J.D. on behalf of: K.L.P. v. E.A.C. No. 2544 EDA 2016
| Pa. Super. Ct. | Feb 23, 2017Background
- Mother and Appellant were cohabiting paramours with three children; Mother’s daughter K.P. (born Jan. 2001) lived with them and was about 15 at the time of the events.
- K.P. testified at the PFA hearing that she woke at 3:00–4:00 a.m. to Appellant touching her below the waist with his hand while she was asleep; she told Mother the next morning.
- Mother corroborated the report; the trial court found K.P. and Mother credible and concluded the conduct constituted sexual abuse/indecent assault under the PFA Act.
- The trial court entered a one-year final Protection From Abuse (PFA) order: excluded Appellant from the residence, prohibited contact with K.P., and granted temporary legal and physical custody of Appellant’s three children to Mother pending custody proceedings.
- Appellant appealed, raising (1) sufficiency of evidence that the touching was sexual/indecent, (2) challenge to eviction/contact/custody consequences, and (3) constitutional challenge to the PFA Act’s preponderance-of-the-evidence standard.
- The Superior Court affirmed: it sustained the sufficiency ruling (deferred to credibility, applied preponderance standard) and found the other two issues waived (inadequate briefing and failure to notify the Attorney General under Pa.R.A.P. 521).
Issues
| Issue | Plaintiff's Argument | Defendant's Argument | Held |
|---|---|---|---|
| Sufficiency of evidence that touching was sexual/indecent | K.P.’s testimony and Mother’s corroboration show unwanted touching below the waist while K.P. slept; meets PFA/indecent assault definitions | Appellant argued evidence insufficient to infer indecent/sexual contact for arousal/gratification | Affirmed: testimony sufficient by preponderance; court credited witnesses and found indecent contact/assault under statutes |
| Eviction, contact prohibition, temporary custody | Mother sought protection and custody measures to safeguard children | Appellant argued exclusion and custody/support penalties were unreasonable | Waived for inadequate appellate briefing; even if considered, PFA court has statutory authority to exclude, prohibit contact, and enter temporary custody orders |
| Constitutionality of preponderance standard (23 Pa.C.S. § 6107) | Appellant contended due process/other constitutional violations arising from using preponderance standard | Appellant failed to notify the Attorney General as required by Pa.R.A.P. 521 when challenging a statute; trial court declined to reach merits | Waived for failure to comply with Pa.R.A.P. 521 (no AG notice); claim not addressed on merits |
Key Cases Cited
- Lanza v.
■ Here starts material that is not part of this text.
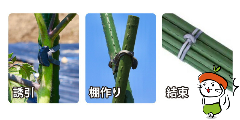 作物の誘引や栽培棚づくりでの使用方法について説明します。
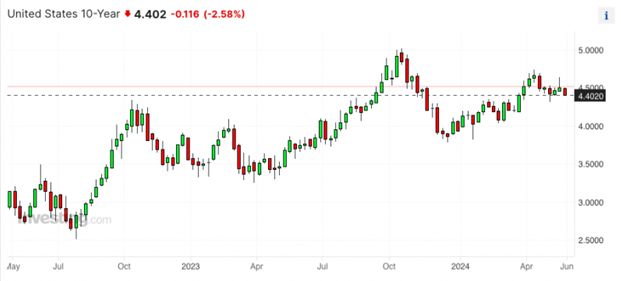 Wie werden sich all diese Informationen auf den Anleihenmarkt auswirken? Wird die Erwartung von Zinssenkungen der Fed aufgrund der Nachrichten steigen oder sinken? Und wie wird sich der U.S. Dollar Index entwickeln? Beantworten Sie diese Fragen, und Sie werden eine Vorstellung davon haben, wie sich die COMEX-Edelmetalle in diesem Minenfeld bewegen könnten. Beginnen wir mit dem Anleihemarkt. Wie Sie unten sehen können, erreichte die Rendite der 10-jährigen US-Staatsanleihe Anfang Oktober letzten Jahres einen Höchststand von fast 5,00%. Zu diesem Zeitpunkt erreichte der Goldpreis an der COMEX einen Tiefstand von fast 1.800 Dollar. Niedrigere Renditen sind im Allgemeinen gut für Gold, daher sollten Sie diesen Kurs in den nächsten zwei Wochen genau beobachten.

Simconis, 914 A.2d 902 (Pa. Super. 2006) (standard of review for PFA legal conclusions)
- Custer v. Cochran, 933 A.2d 1050 (Pa. Super. 2007) (preponderance standard and deference to trial court credibility in PFA sufficiency review)
- Hood-O’Hara v. Wills, 873 A.2d 757 (Pa. Super. 2005) (PFA evidentiary principles)
- Ferri v. Ferri, 854 A.2d 600 (Pa. Super. 2004) (definition of preponderance of the evidence)
- Mescanti v. Mescanti, 956 A.2d 1017 (Pa. Super. 2008) (purpose of PFA Act to prevent physical and sexual abuse)
- Burke v. Bauman, 814 A.2d 206 (Pa. Super. 2002) (victim need not suffer actual injury; reasonable fear standard)
- Commonwealth v. Miller, 80 A.3d 806 (Pa. Super. 2013) (Pa.R.A.P. 521 notice requirement to Attorney General)
- In re A.H., 763 A.2d 873 (Pa. Super. 2000) (procedural requirements for constitutional challenges)
- In the Interest of J.Y., 754 A.2d 5 (Pa. Super. 2000) (failure to notify Attorney General waives constitutional claim)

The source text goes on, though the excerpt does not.